(Description of the task):
What are the lines below, starting at the line containing "The hotly contested" and ending at the line containing "But the authors, who"? Write them out exactly, ends included, without pictures.

(Given entries):
======

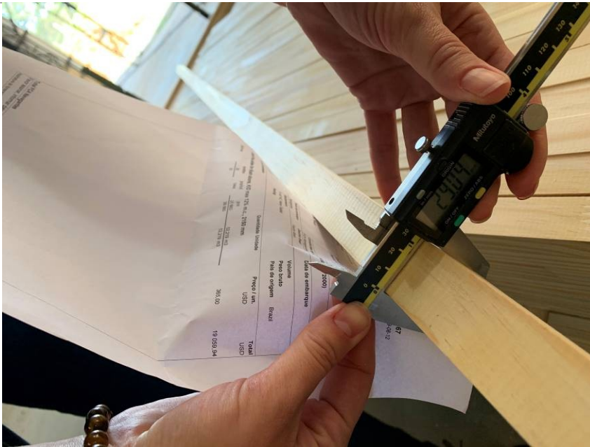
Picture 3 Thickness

======

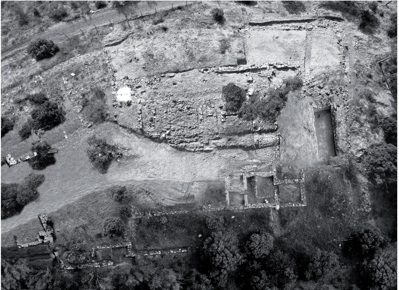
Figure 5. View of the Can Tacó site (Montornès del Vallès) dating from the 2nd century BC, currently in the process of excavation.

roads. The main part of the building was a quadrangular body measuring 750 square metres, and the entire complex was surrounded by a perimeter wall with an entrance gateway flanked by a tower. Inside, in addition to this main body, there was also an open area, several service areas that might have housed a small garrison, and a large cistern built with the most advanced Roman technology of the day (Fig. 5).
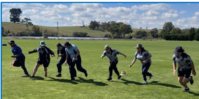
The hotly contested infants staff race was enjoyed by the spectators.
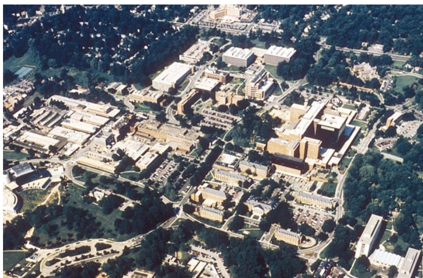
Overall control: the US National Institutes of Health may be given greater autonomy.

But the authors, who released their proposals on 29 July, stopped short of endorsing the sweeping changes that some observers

======

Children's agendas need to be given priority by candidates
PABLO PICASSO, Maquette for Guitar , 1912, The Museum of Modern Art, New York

======

(Task output):
The hotly contested infants staff race was enjoyed by the spectators.
Overall control: the US National Institutes of Health may be given greater autonomy.

But the authors, who released their proposals on 29 July, stopped short of endorsing the sweeping changes that some observers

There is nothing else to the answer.